#### Assignment:
Transcribe nothing except the lines below that run from the one with "For instance, from" to the one with "Découvrez ce sweat", ends included, and do not copy any picture.

#### Study material:
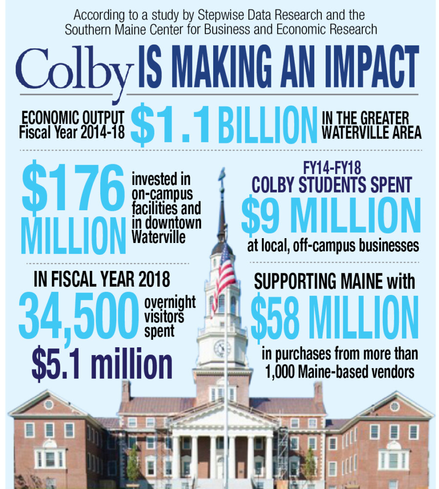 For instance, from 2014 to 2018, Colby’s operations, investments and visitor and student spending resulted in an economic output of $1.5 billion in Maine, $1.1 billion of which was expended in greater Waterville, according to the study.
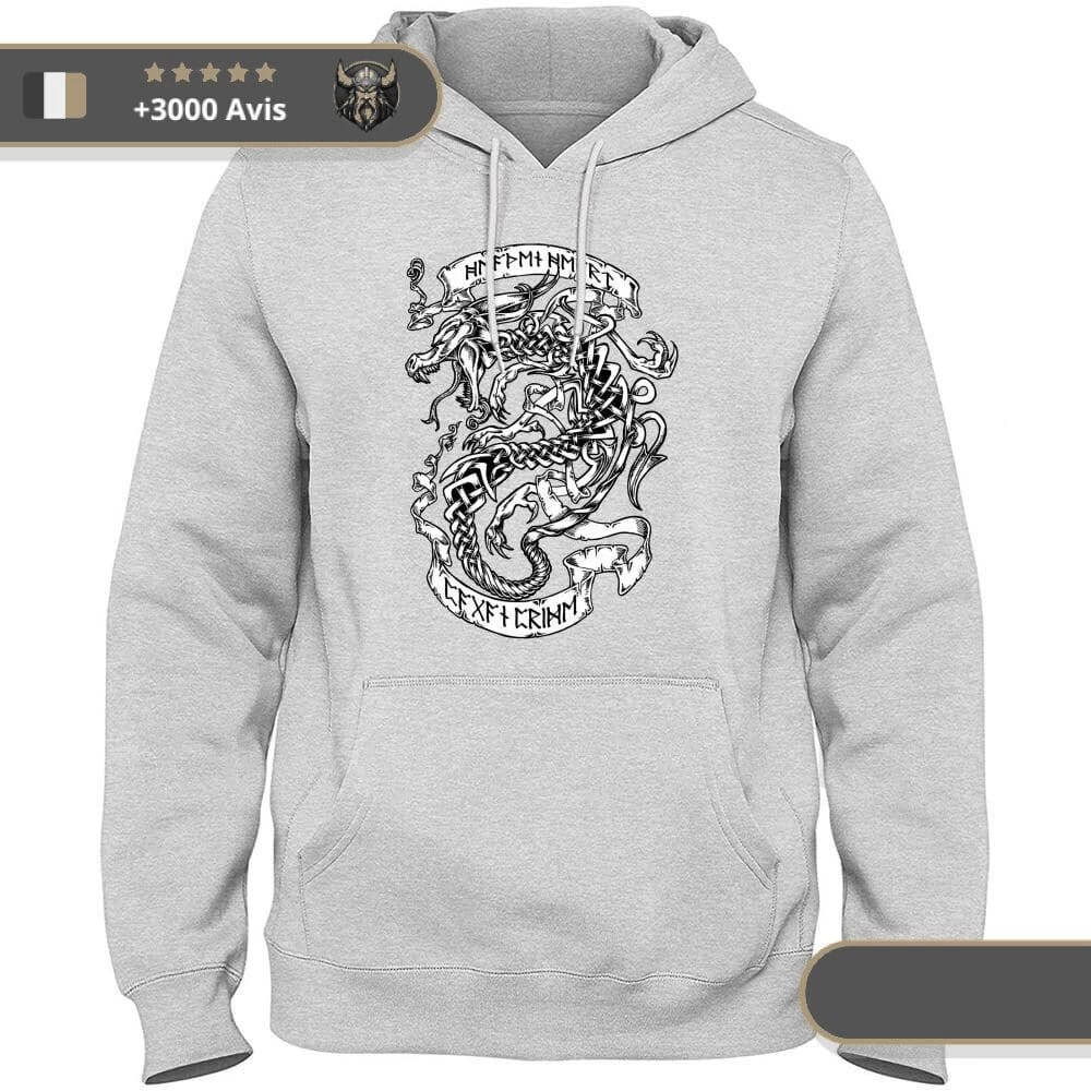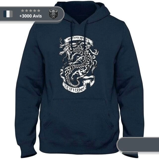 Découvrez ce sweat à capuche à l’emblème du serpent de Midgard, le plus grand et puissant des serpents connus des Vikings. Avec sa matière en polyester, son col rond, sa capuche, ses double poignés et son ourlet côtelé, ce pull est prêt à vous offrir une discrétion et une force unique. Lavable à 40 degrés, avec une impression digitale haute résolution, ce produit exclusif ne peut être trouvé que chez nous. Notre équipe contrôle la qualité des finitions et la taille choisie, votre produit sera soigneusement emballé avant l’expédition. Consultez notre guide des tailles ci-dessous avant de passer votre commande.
* * *
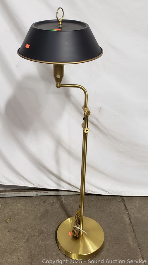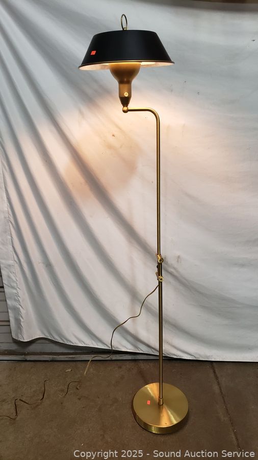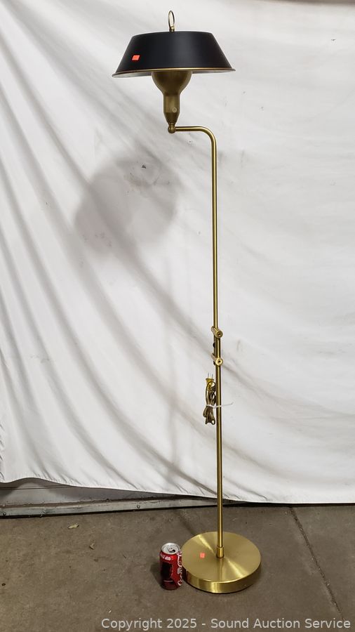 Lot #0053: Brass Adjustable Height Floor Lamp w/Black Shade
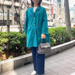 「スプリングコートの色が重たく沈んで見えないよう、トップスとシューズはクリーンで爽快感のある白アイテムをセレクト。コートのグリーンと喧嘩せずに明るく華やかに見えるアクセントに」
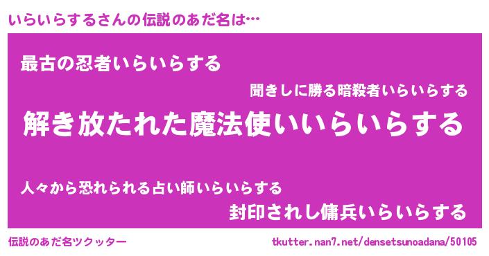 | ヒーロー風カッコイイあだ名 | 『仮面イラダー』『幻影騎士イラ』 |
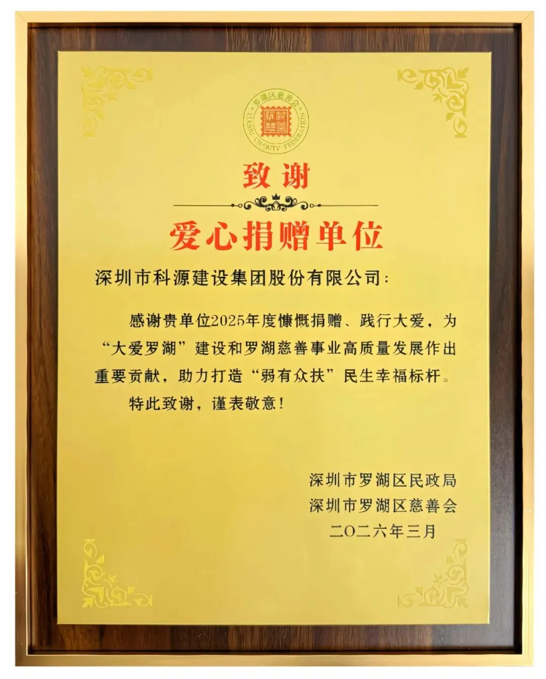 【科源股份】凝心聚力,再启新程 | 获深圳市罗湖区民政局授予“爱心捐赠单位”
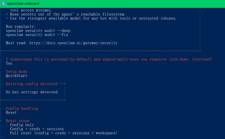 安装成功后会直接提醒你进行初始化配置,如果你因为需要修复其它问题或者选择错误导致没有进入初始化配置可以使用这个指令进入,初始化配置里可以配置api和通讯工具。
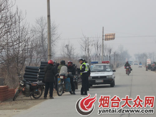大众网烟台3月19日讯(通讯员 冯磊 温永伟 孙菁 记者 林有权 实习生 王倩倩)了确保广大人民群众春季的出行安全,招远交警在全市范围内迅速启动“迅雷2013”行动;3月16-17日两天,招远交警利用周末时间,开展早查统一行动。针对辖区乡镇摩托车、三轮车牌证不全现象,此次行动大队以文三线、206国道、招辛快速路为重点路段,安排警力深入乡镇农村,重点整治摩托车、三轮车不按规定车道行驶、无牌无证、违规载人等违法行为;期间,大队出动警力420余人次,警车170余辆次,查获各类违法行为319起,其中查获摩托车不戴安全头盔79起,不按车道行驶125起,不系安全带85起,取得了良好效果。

#### Response box:
 For instance, from 2014 to 2018, Colby’s operations, investments and visitor and student spending resulted in an economic output of $1.5 billion in Maine, $1.1 billion of which was expended in greater Waterville, according to the study.
 Découvrez ce sweat à capuche à l’emblème du serpent de Midgard, le plus grand et puissant des serpents connus des Vikings. Avec sa matière en polyester, son col rond, sa capuche, ses double poignés et son ourlet côtelé, ce pull est prêt à vous offrir une discrétion et une force unique. Lavable à 40 degrés, avec une impression digitale haute résolution, ce produit exclusif ne peut être trouvé que chez nous. Notre équipe contrôle la qualité des finitions et la taille choisie, votre produit sera soigneusement emballé avant l’expédition. Consultez notre guide des tailles ci-dessous avant de passer votre commande.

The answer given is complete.